Before you start: Low data volumes

If you're working with low data volumes, you likely won’t have enough data to draw a conclusion from the experiment. For example, if you're running an experiment with a new product, our estimated experiment length and warnings may not be accurate. In this case, you may see a warning in Play Console that a very low data volume is predicted within your chosen time frame. If you get a low data volume message, you may not have enough data to run an experiment or you may be able to fine-tune your experiment parameters. Here are some suggested actions to troubleshoot low data volume issues.

Conversely, if you're running a longer experiment, it’s important to consider that results may be impacted by economic factors like global currency fluctuations over time.

Part 1: Add details

To add your experiment details, do the following:

  1. Open Play Console and go to the Price experiments page (Monetize with Play > Price experiments).
  2. Click Create experiment.
  3. In the "Add details" section, enter an experiment name and a short description of your experiment (optional).
    • Note: Your experiment name and short description aren't seen by users.
  4. Select the countries/regions you want to experiment with.
    • Important: Price experiments are only implemented in the selected country/region and not in its associated locations. For example, if you select France, your price experiments will only be implemented in France and not in its associated territories like French Guiana.
  5. Using the Products drop-down, choose the in-app products you want to experiment with. The drop-down lists the available in-app product names, IDs, and price.
    • Important: If you choose an in-app product that's linked to a pricing template, the pricing template will be locked for the duration of the price experiment.
  6. Select a start date. Your experiment will begin at 00:00 PT on the date you select. You can schedule your experiment to launch in the future.
  7. Click Next to continue setting up your experiment by adding variants.

Based on your experiment setup input, if we predict your data volumes will be too low to reach statistical significance, you'll see a warning. In this case, we recommend making adjustments to ensure you gather enough data to reach statistical significance. To view possible next steps, see Recommended actions for low data volumes.

Recommended actions for low data volumes

The following recommendations will help to change the data volumes required to reach statistical significance so that the experiment duration is shortened.

Experiment setup step

Recommended action
Part 1: Add details Increase the number of countries/regions in the experiment.
Part 1: Add details Test across all in-app products or increase the number of in-app products.
Part 2: Add variants Decrease the number of variants from two to one.
Part 2: Add variants

Experiment with decreasing your price by a larger percentage (lower price).
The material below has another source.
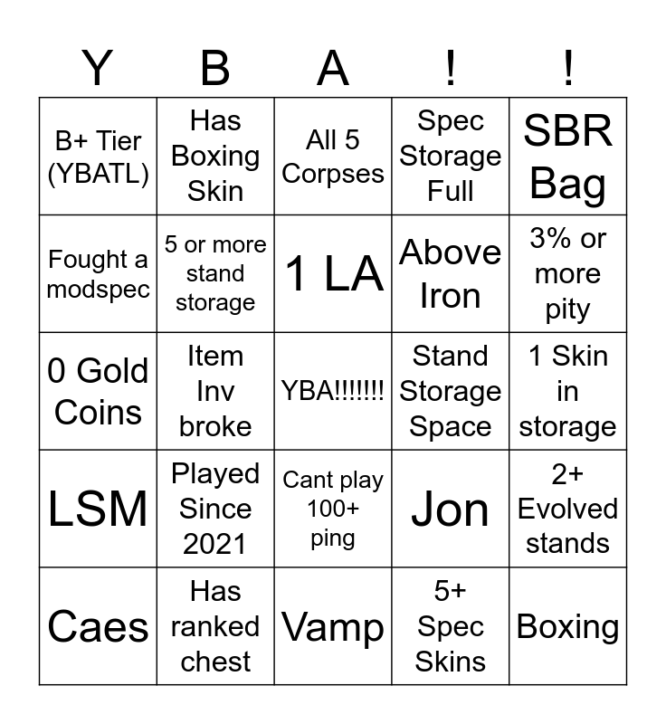 This bingo card has 40 words: 100h+ Playtime, 0 Gold Coins, All Spec Items, 5 or more stand storage, Has ranked chest, Cant play 100+ ping, 1 LA, Unob Item, SBR Bag, LSM, Item Inv broke, Spec Storage Full, YBA!!!!!!!, 1 Skin in storage, Stand Storage Space, Played Since 2021, Has Finisher, B+ Tier (YBATL), Metamancer, All 5 Corpses, 2+ Evolved stands, 5+ Spec Skins, Above Iron, Fought a modspec, Waiting for CDR Shirt, EU, NA, Asia, Boxing, Pluck, No Rokas, Caes, No Ribs, Jon, 3% or more pity, Vamp, Green Baby, Has Bat/Pluck Skin, Has Boxing Skin and Req Arrow.

Note: This will not affect the initial estimation but will help during the live experiment.
Part 3: Manage settings Increase audience size per variant (for example, 50% control and 50% treatment).
Part 3: Manage settings

Increase the minimum detectable effect.

Note: This only affects experiments in which the variant(s) and the control performed the same.
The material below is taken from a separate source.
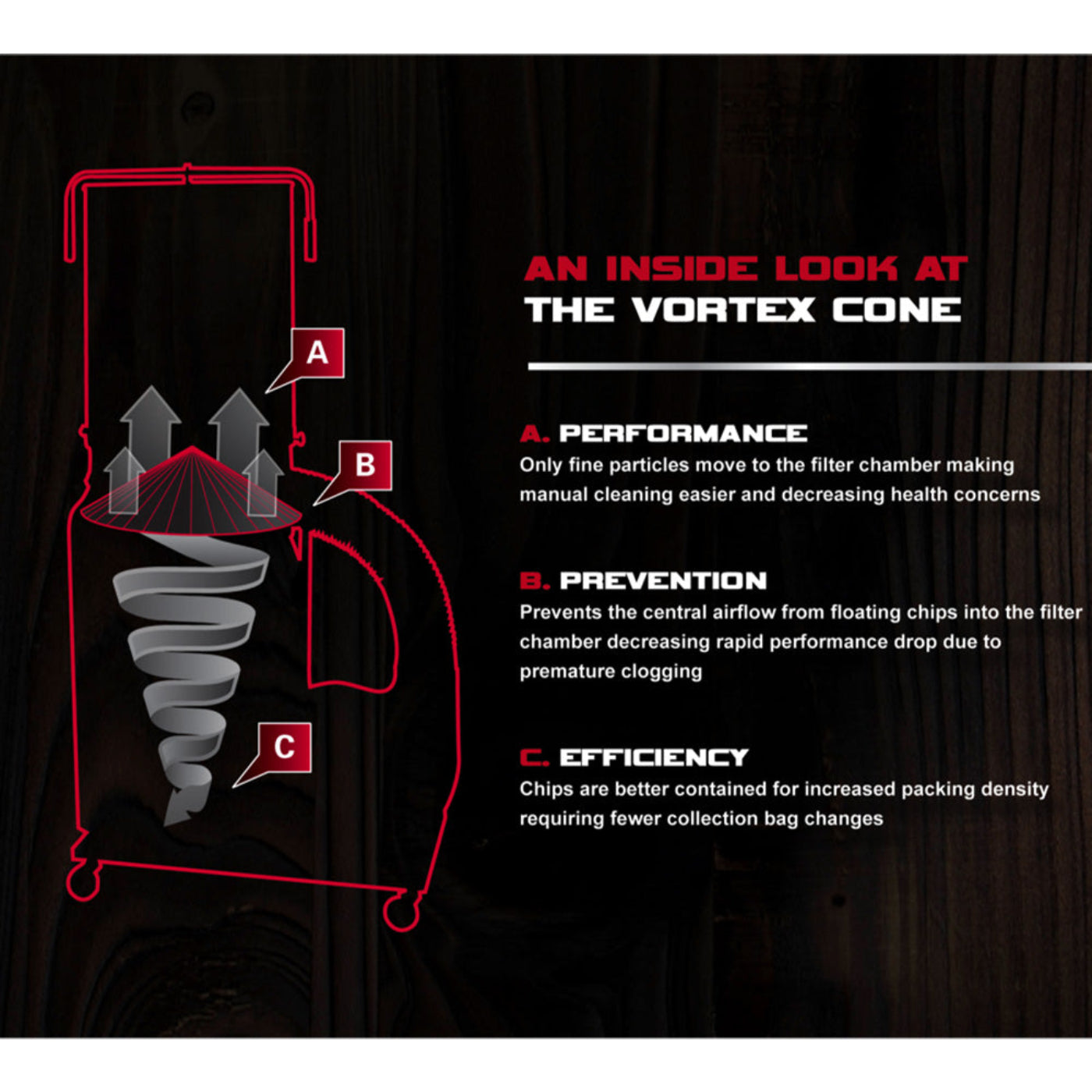 A: Features Vortex Cone technology to separate chips and extend filter life.

Part 3: Manage settings Decrease the confidence level.

Part 2: Add variants

In the "Add variants" section, you can add and remove price variants. Your price experiment must have at least one variant. To add variants:

  1. Using the drop-down, choose Increase price or Decrease price, and enter the percentage you want to apply to your choice. Note the following:
    • You must enter a whole number.
    • If you select Decrease price, you must enter a value between 1 and 99.
    • If you select Increase price, you must enter a value between 1 and 999.
  2. After adding a variant, your control price range and variant price range are listed on the page. You can click View product prices for more detail, including product names and IDs, location overrides (if applicable), and tax information. Here you can see the actual percentage price changes after using the exchange rate and country-specific pricing patterns.
  3. Click + Add another variant and repeat the previous steps if you want to include multiple variants in your experiment. The control price range and variant price range are also listed on the page.
  4. Click Next to continue setting up your experiment by fine-tuning your experiment settings.

Part 3: Manage settings

In the "Manage settings" section, you can set your targeting parameters to fine-tune your experiment. To manage your experiment settings:

  1. Enter your experiment audience. This is the percentage of users who'll be in the experiment. These users will be split equally across your variant(s) and control. Note that users outside of the experiment will also see the original (control) price but won't be included in the experiment analysis.
    • Note: You must enter a whole number between 1 and 100.
  2. Enter your confidence level. Decreasing the confidence level will increase the likelihood of a false positive, but it also will decrease the experiment's runtime.
  3. Enter a minimum detectable effect. This indicates the level of improvement you want your experiment to detect. You can think of this as deciding how sensitive you want your experiment to be. This will adjust your estimated time until statistical significance calculation.
  4. Refine your targeting parameters to fine-tune your experiment. You can see the estimated time until statistical significance calculation as a guideline based on your setup.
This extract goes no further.